Mid: Let their love for each other be a seal upon their hearts, a mantle about their shoulders, and a crown upon their foreheads. Bless them in their work and in their companionship; in their sleeping and in their waking; in their joys and in their sorrows; in their life and in their death. 

All: Let it be.

The Midwife picks up the candle stub the color of a Palo Cortado Sherry. Sticks it out into the sun which is over the rim now and hot. It ignites. She pulls out the shirt of the Groom from his chest and drips wax onto it. She repeats with the dress of the Bride. She picks up a very small tortoise just passing and presses its shell first into the wax on the Groom’s chest and then the wax on the Bride. It leaves behind the imprint of a heart.

Mid: Peace be with you.

All: And also with you.

The midwife uncorks the indigo bottle and pours its contents into the steel tub and pours and pours and pours until the tub is filled. Water is scarce in the desert, so it is only a miniscule bottle. Dirt, on the other hand is plentiful, so they wash each other’s feet. The sheets on their bed are white and freshly cleaned. The Groom washes the Bride’s feet, removing her shoes, and the Bride washes the Groom’s. Each turns the feet of the other in the direction the sun travels. The Groom’s shed bits of eraser. Pink pieces float in clear water smudging gray. The Groom’s feet become more and more defined with each journey, and the evidence of his true and generous nature which was there all along becomes real. The birds flutter.

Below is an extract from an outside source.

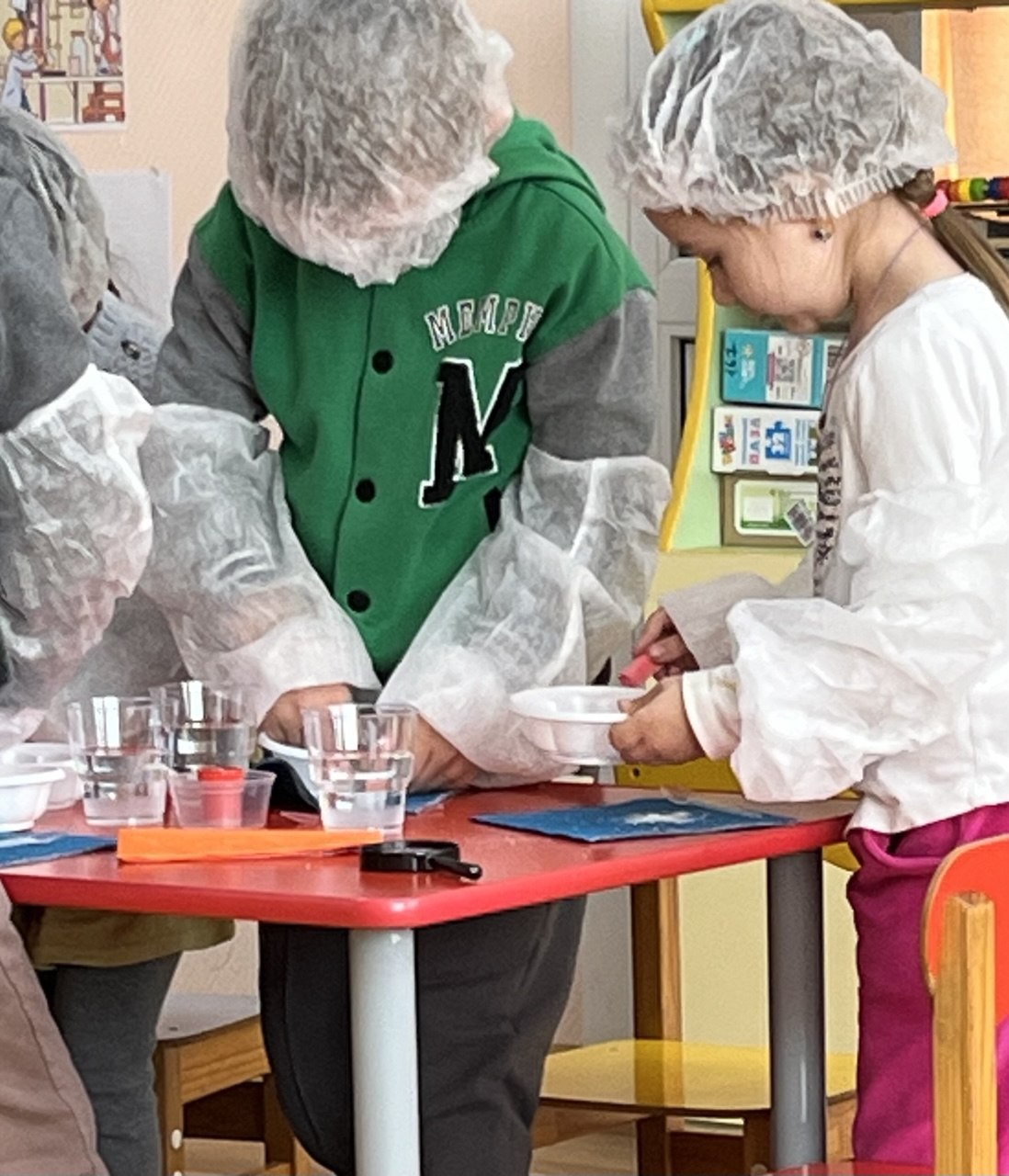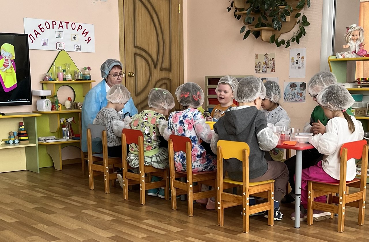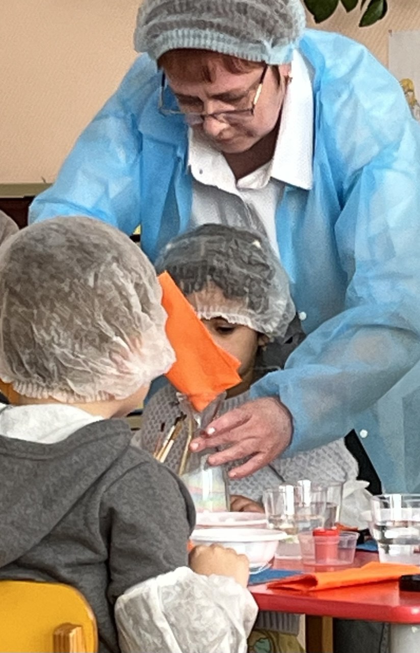 Затем педагоги вместе с детьми средней группы под руководством воспитателя Татьяны Кокоревой попали в настоящую лабораторию. Здесь ребята стали участниками опытно-экспериментальной деятельности «Эта удивительная соль». Не только дети, но и взрослые, узнали много нового о свойствах такого знакомого и необходимого всем вещества, как соль.

When the couple finishes, the birds bathe until the gray feathered crow scolds them.

Mid: You may kiss your bride.

The Best Man twists the end of a Chinese canon which explodes yellow purple blue pink gold silver confetti and glitter into the air. Peace is given and peace is received with shaking of hands, hands pull into hugs. Lips bestow kisses. Bubbles are blown. Strings are pulled and small explosions occur. There are wishes and anecdotes and performances and festivities.

Clo: Mother and Father, you open your home and give us an example of passionate love, faithful and unconditional, enduring and strengthening with time.

And you dearly beloved, honor us by joining our celebration where earth’s upheavals and slow changes tell of life’s wonders and of lives connected. You teach us gratitude. Go forth and live and love and laugh knowing grief will come.